O debate evidenciado pela montagem nacional, dirigida por Diego Moschkovich, encontra espantosa atualidade no Brasil de hoje. A encenação de "Villa" é um grande acontecimento teatral para os dias em que vivemos. Ao mesmo tempo, a versão é tímida diante da força que prenuncia.

Na montagem chilena dirigida pelo próprio Calderón, apresentada no Brasil há seis anos, "Villa" é seguida de outro pequeno texto do autor chamado "Discurso", formando um díptico. Neste segundo texto, a ex-presidente chilena Michelle Bachelet, que foi presa e torturada junto com sua mãe na Villa Grimaldi, torna-se personagem e pronuncia um discurso no final de seu mandato.

A desvinculação entre as duas obras na versão atual de "Villa" diminui a amplitude crítica proposta por Calderón. Afinal, "Discurso" é compreendida à luz de "Villa" ao mesmo tempo em que atualiza o olhar sobre ela.
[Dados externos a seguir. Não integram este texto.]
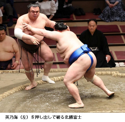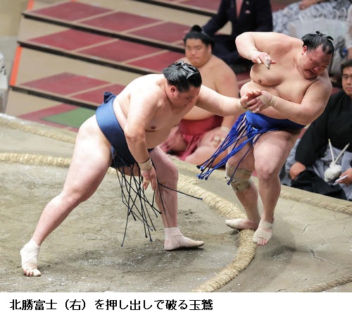 ▽玉鷲に北勝富士は、玉鷲が押し出し。

Em conjunto, as duas peças criam uma imagem contraditória sobre a permanência do que se julgava superado com o fim da ditadura.

Em contrapartida, "Villa" apresentada sozinha tende a neutralizar o problema histórico ao inseri-lo em uma situação dramática de confinamento. Algo que também acontece em "Neva" e "Dezembro", outras duas peças do autor chileno montadas recentemente por Moschkovich.

O tema público da memória da ditadura perde espaço no palco para os conflitos entre personagens isoladas numa sala de reunião.

Dito de outro modo, as intrigas, a divergência de personalidade e os desacordos meio cômicos entre as três mulheres ameaçam sobrepor-se ao próprio assunto que está sendo debatido e que deveria ser o coração da peça.

A insistência por uma interpretação rigorosamente realista nesta montagem enraíza a ação e faz a cena ganhar objetividade crítica, mas contribui também para impedir que a peça aponte para fora de si mesma.

Sem a contraparte de "Discurso", é como se "Villa" pedisse uma encenação mais crítica, com fissuras na lógica dramática do texto, interrupções da ação, comentários. Apesar de transbordar atualidade e de mostrar rigor e seriedade no trabalho de atuação, a montagem atual acanha-se diante da complexidade do material que enfrenta.